The hooded, faceless man, with his large hands reached out for me,
or chased me, and I
could not walk away, was pinned there,  always waiting frozen/powerless/for someone to
save me.
But no one ever did.

In my adult life, afraid still, always worrying that I was going to be raped. Not knowing why,
not having a voice even to say to my husband when I was upset about something,
and when I did manage to tell him ,it was my fault anyway.

You, blonde bastard,  ook away my voice, and now I am taking it back. I will not be silent anymore.
I am not afraid of you anymore. I will kick you in the teeth if you come near me again.

I will take my balled up fists and I will fight you,  with all of my power. i I will punch you in your sick face and
then I will spit on your dead eyes. I will call the police and tell them that this fucking sick
excuse for a man raped me when I was five years old.
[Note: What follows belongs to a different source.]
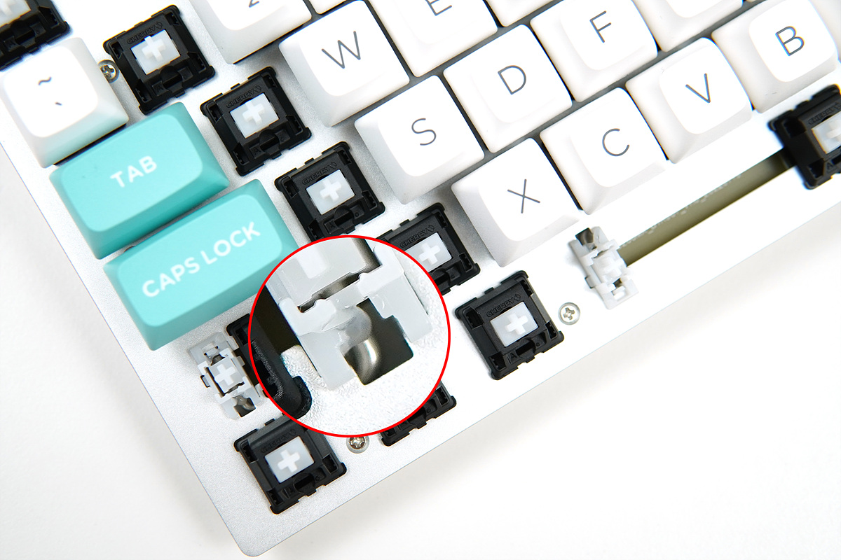 MX 백축 스위치는 정방향으로 장착이 되었으며 LED가 아예 없는 non-LED 방식으로 화려한 RGB를 원하는 분들과는 맞지 않겠지만 반대로 LED를 싫어하는 분들에게는 오히려 반가운 부분이죠. 스테빌라이저는 체리 방식으로 되어있으며 따로 윤활이 되어있어서 철심 소리를 많이 줄여주었습니다.

Of course i don’t know where you are anymore, if you are even alive. I am buddhist in my principles but I have no forgiveness in my heart for you, you poor excuse of a human
I have no tonglen in my heart for you. I have only sorrow and anger and pain.
I have only pity. Which is as close to compassion as I can get for you.
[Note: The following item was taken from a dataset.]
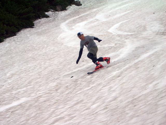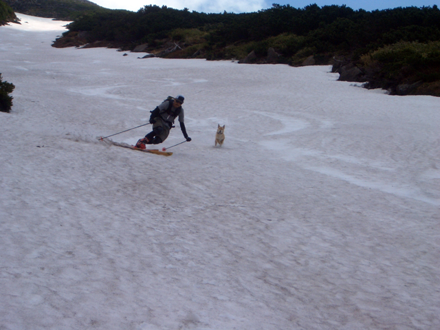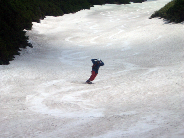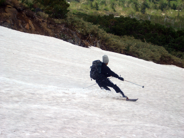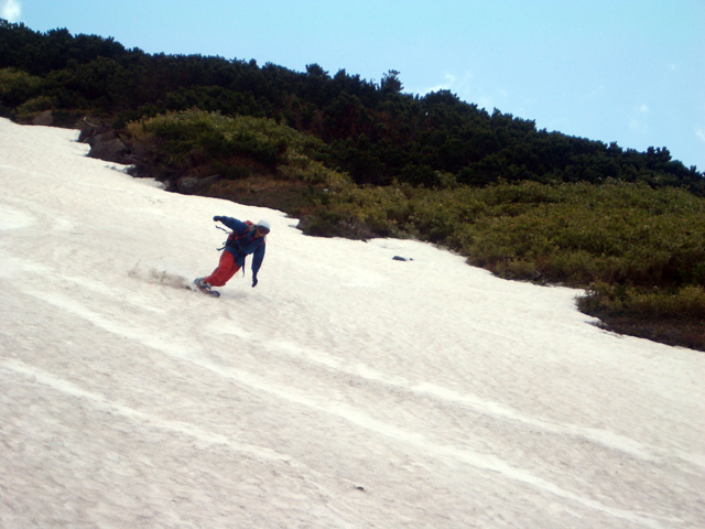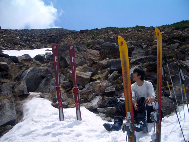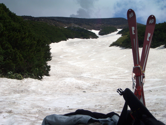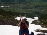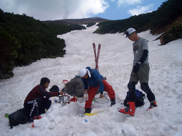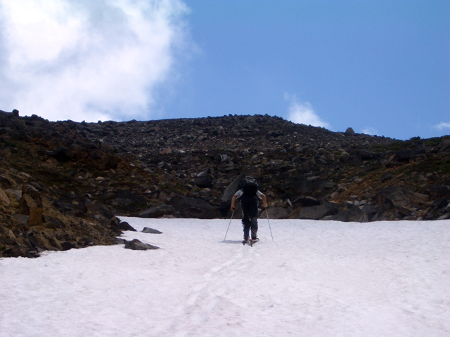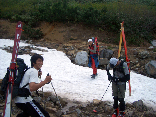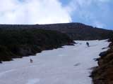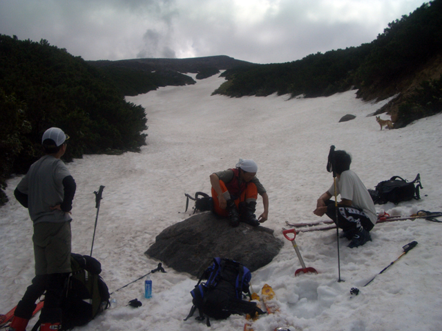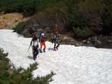 ![]() 天候が悪化してきたので、急いで撤収 雪渓末端 |

I want to forgive, and be Christlike,
I want to sit under the Bodhi tree and I want to climb the mountain and I want to say
to the heavens that you
are human, just like anyone else and that you deserve compassion

love, even.

But I can’t. Because I hold hatred in my tired soul for you. I hate what you took from me, I hate
that I stripped because you hurt me. I hate that I let boys and men touch me,
because I wanted to be worth something.

I hate that I never told. Until now. I hate that I let your piece of shit little
one worthless act
keep me hiding in shame for so long.

I will not be in shame anymore/ I will speak about this. I have found my voice and I will shout it out to whoever will listen. I don’t have to be quiet anymore. I don’t have to be peaceful when it makes more sense to fight. I don’t have to acquiesce. I don’t have to keep myself safe
anymore because I am grown and
you can’t hurt me. What you did to me can’t hurt me anymore. I take it back, I claim it. It is MINE.
I won’t be silent any

more.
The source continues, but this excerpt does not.